All this was hardly expected by anybody, not least by its founding members, when the “pro-Beijing” party was formed 16 years ago. In 1994, the DAB took part in District Board (now called District Council) elections for the first time. It fielded 83 candidates, and won only 37 seats. The following year, in the Legco elections, the party contested seven of the directly elected seats and won only two.
In the early 1990s, when memories of the June 4 incident at Tiananmen were fresh and anti-Beijing feelings were widespread in the Hong Kong public, most people, including those in the pro-Beijing camp, thought that no candidate seen to be friendly with the Chinese government would stand a chance in popular elections in Hong Kong. The results of the first direct Legco elections, held in autumn 1991, provided strong proof that friendly ties with Beijing were the “kiss of death”: all the candidates with a pro-Beijing background were defeated.
No one could tell how long this anti-Beijing mood among the voters would persist, and most of the prominent pro-Beijing personalities decided to stay away from the elections, and looked for ways to curb the powers of the elected institutions, apparently destined to be dominated by enemies of Beijing.
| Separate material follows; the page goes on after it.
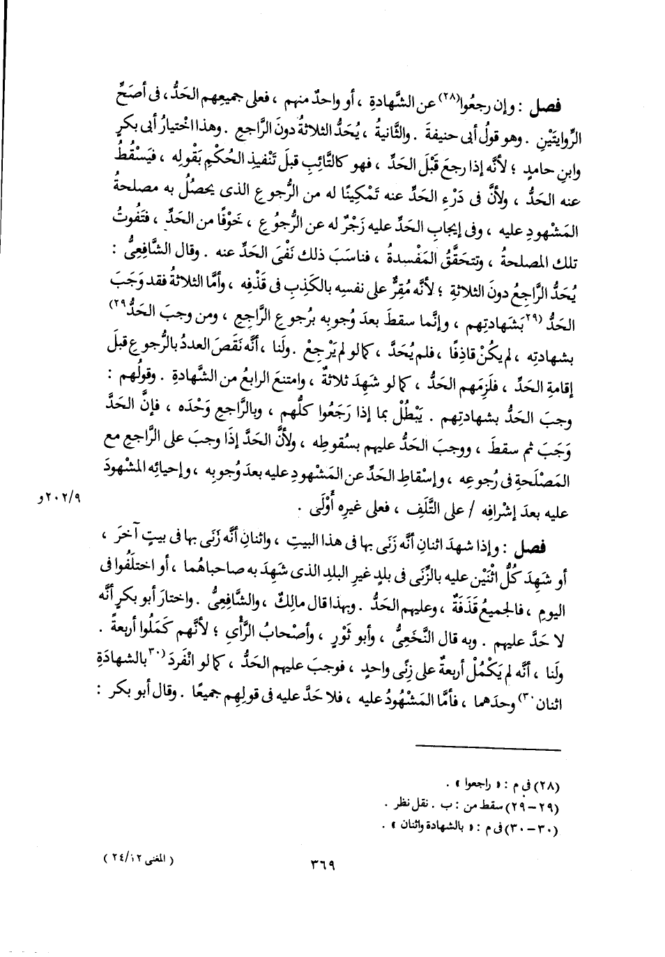 فصل: وإن رجعُوا (٢٨) عن الشَّهادةِ، أو واحدٌ منهم، فعلى جميعِهم الحَدُّ، في أصَحِّ الرِّوايتَيْنِ. وهو قولُ أبى حنيفةَ. والثَّانيةُ، يُحَدُّ الثلاثةُ دونَ الرَّاجعِ. وهذا اخْتيارُ أبى بكرٍ وابنِ حامدٍ؛ لأنَّه إذا رجعَ قَبْلَ الحَدِّ، فهو كالتَّائِبِ قبلَ تَنْفيذِ الحُكْمِ بَقْولِه، فيَسْقُطُ عنه الحَدُّ، ولأنَّ في دَرْءِ الحَدِّ عنه تَمْكِينًا له من الرُّجوعِ الذي يحصُلُ به مصلحةُ المَشْهودِ عليه، وفى إيجابِ الحَدِّ عليه زَجْرٌ له عن الرُّجُوعِ، خَوْفًا من الحَدِّ، فتَفُوتُ تلك المصلحةُ، وتتحَقَّقُ المَفْسدةُ، فناسَبَ ذلك نَفْىَ الحَدِّ عنه. وقال الشَّافِعِىُّ: يُحَدُّ الرَّاجِعُ دونَ الثلاثةِ؛ لأنَّه مُقِرٌّ على نفسِه بالكَذِبِ في قَذْفِه، وأمَّا الثلاثةُ فقد وَجَبَ الحَدُّ [بَشَهادتِهم، وإنَّما سقطَ بعدَ وُجوبِه برُجوعِ الرَّاجِعِ، ومن وجبَ الحَدُّ] (٢٩) بشهادتِه، لم يكُنْ قاذِفًا، فلم يُحَدَّ، كما لو لم يَرجِعْ. ولَنا، أنَّه نَقَصَ العددُ بالرُّجوعِ قبلَ إقامةِ الحَدِّ، فلَزِمَهم الحَدُّ، كما لو شَهِدَ ثلاثةٌ، وامتنعَ الرابعُ من الشَّهادةِ. وقولُهم: وجبَ الحَدُّ بشهادتِهم. يَبْطُلْ بما إذا رَجَعُوا كلُّهم، وبالرَّاجعِ وَحْدَه، فإنَّ الحَدَّ وَجَبَ ثم سقطَ، ووجبَ الحَدُّ عليهم بسُقوطِه، ولأنَّ الحَدَّ إذَا وجبَ على الرَّاجعِ مع المَصْلَحةِ في رُجوعِه، وإسْقاطِ الحَدِّ عن المَشْهودِ عليه بعدَ وُجوبِه، وإحيائِه المشْهودَ عليه بعدَ إشْرافِه على التَّلَفِ، فعلى غيرِه أَوْلَى.

But among Beijing’s friends in Hong Kong there was a small group who believed that the viability of the “one country, two systems” arrangement depended on the successful evolution of Hong Kong’s political system towards the ultimate goal of full democracy. They also believed that, in order to secure the Chinese government’s support for Hong Kong’s steady progress towards a democratic system of government, the pro-Beijing camp must take an active part in the city’s popular elections and prove that not only those campaigning on an anti-Beijing platform could win. This small group of people decided to form a political party to rally the pro-Beijing community and fight in future elections. The DAB was the party they formed, five years before Hong Kong’s scheduled return to China.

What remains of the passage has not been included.